* Assigned task: Leaving pictures aside, set down each line exactly, from the first line of the data to the line with "#TRAINTRAINTRAIN 🚂 #芸劇 pic.x.com/YpKPmQCOhc", both included.

* Material provided:
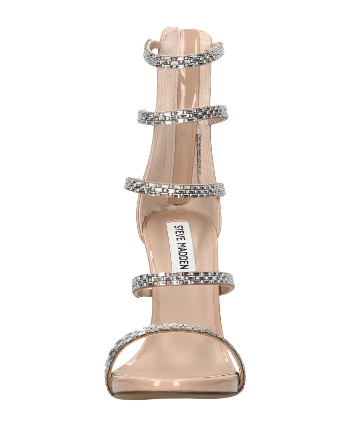 Сандалии на высоком каблуке Ecopelle от Steve Madden, украшенные стразами и имеющие текстурированную подошву. Текстурированная подкладка из материала Ecopelle.
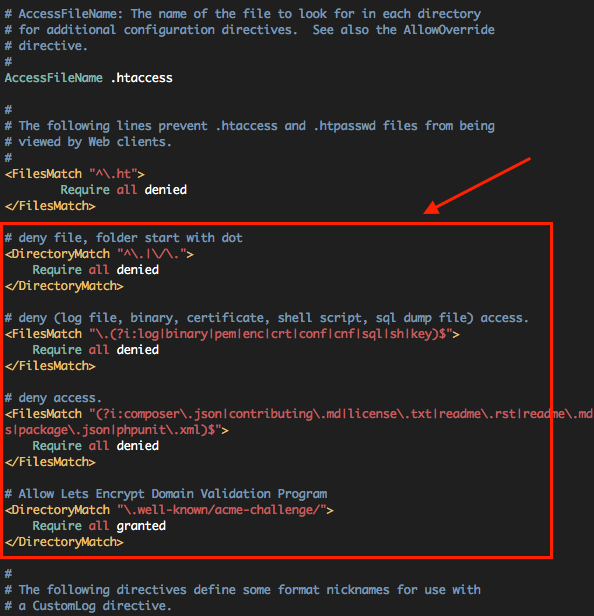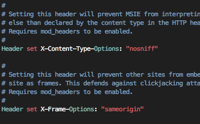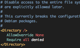 매우 권장하는 보안설정이므로 Ubuntu Apache 패키지 제작자가 미리 써두었다. 이미 다 쓰여 있으니까 주석(#) 만 제거하자.
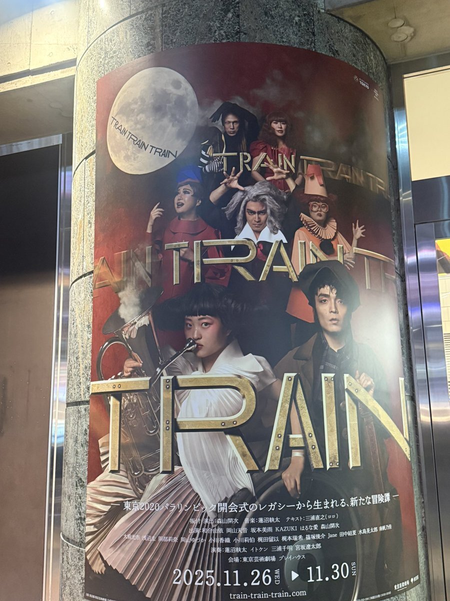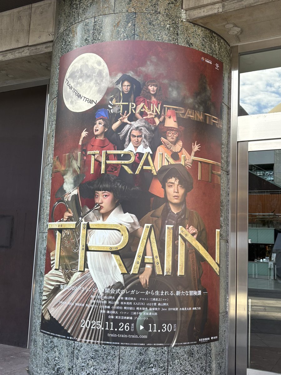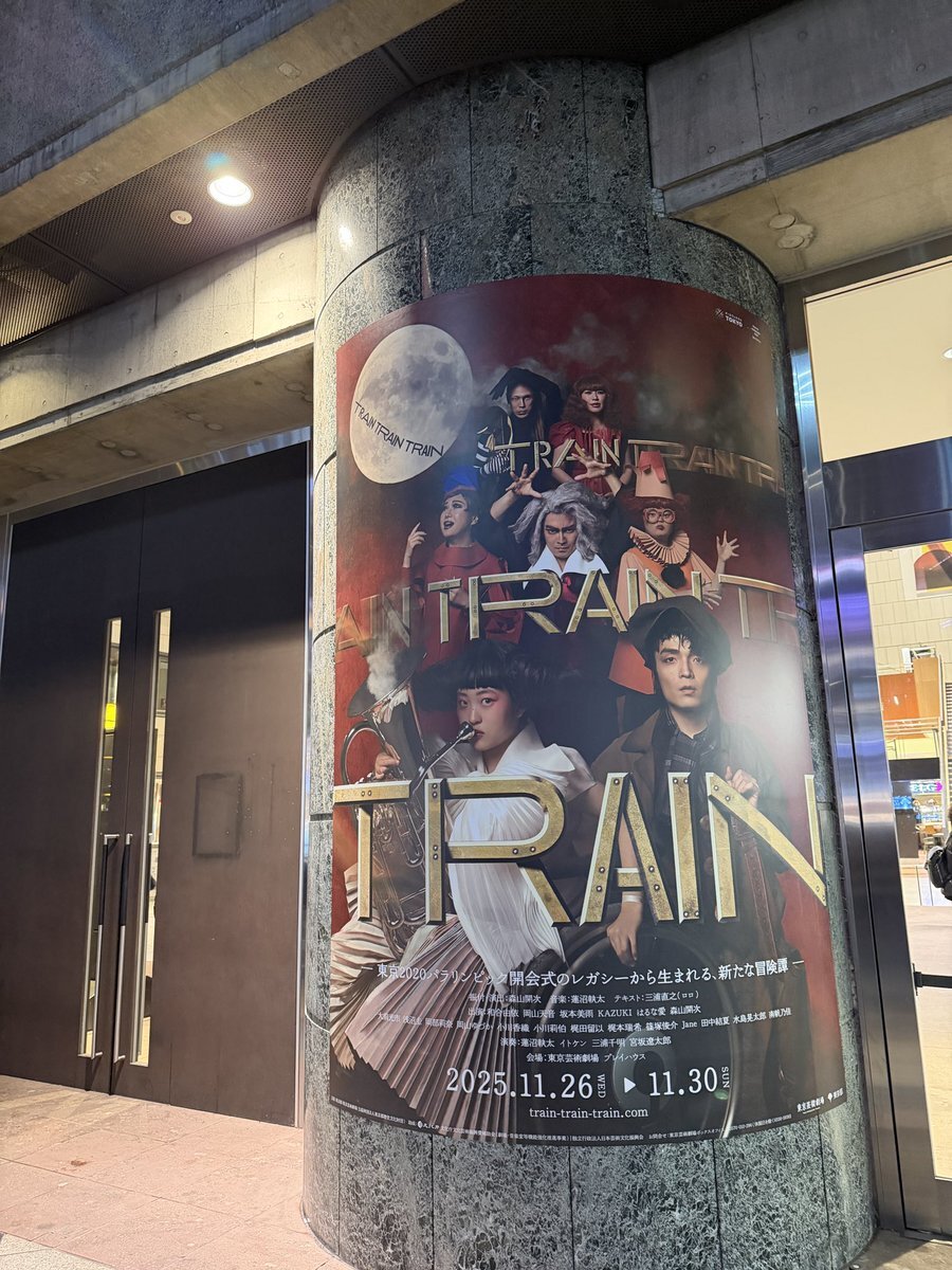 芸劇前で発見! 楽しみすぎるー!このキービジュアル真ん中のカズキさんの圧が😂 いやもう、ミズキちゃんやカズキさん知ったのが東京パラリンピックの開会式きっかけだし、とにかくこのメンツ期待しかないのよ✨️ #TRAINTRAINTRAIN 🚂 #芸劇 pic.x.com/YpKPmQCOhc
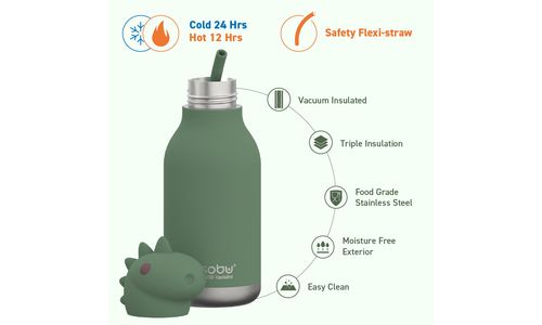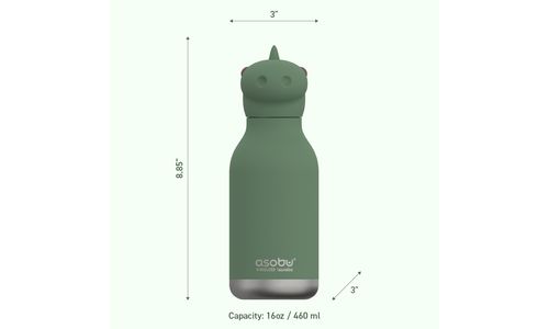 Op jacht naar een leuke en functionele waterfles voor je kleintje? Onze Dinosaur Asobu Bestie Bottle is een schattige roestvrijstalen kinderwaterfles met een zacht deksel! Deze 460ml fles is gemakkelijk vast te houden voor die kleine handjes en is 100% lekvrij, waardoor hij perfect is voor avonturen! Met het meegeleverde flexibele herbruikbare rietje wordt drinken leuk en spelletjes!

* Output below:
 Сандалии на высоком каблуке Ecopelle от Steve Madden, украшенные стразами и имеющие текстурированную подошву. Текстурированная подкладка из материала Ecopelle.
 매우 권장하는 보안설정이므로 Ubuntu Apache 패키지 제작자가 미리 써두었다. 이미 다 쓰여 있으니까 주석(#) 만 제거하자.
 芸劇前で発見! 楽しみすぎるー!このキービジュアル真ん中のカズキさんの圧が😂 いやもう、ミズキちゃんやカズキさん知ったのが東京パラリンピックの開会式きっかけだし、とにかくこのメンツ期待しかないのよ✨️ #TRAINTRAINTRAIN 🚂 #芸劇 pic.x.com/YpKPmQCOhc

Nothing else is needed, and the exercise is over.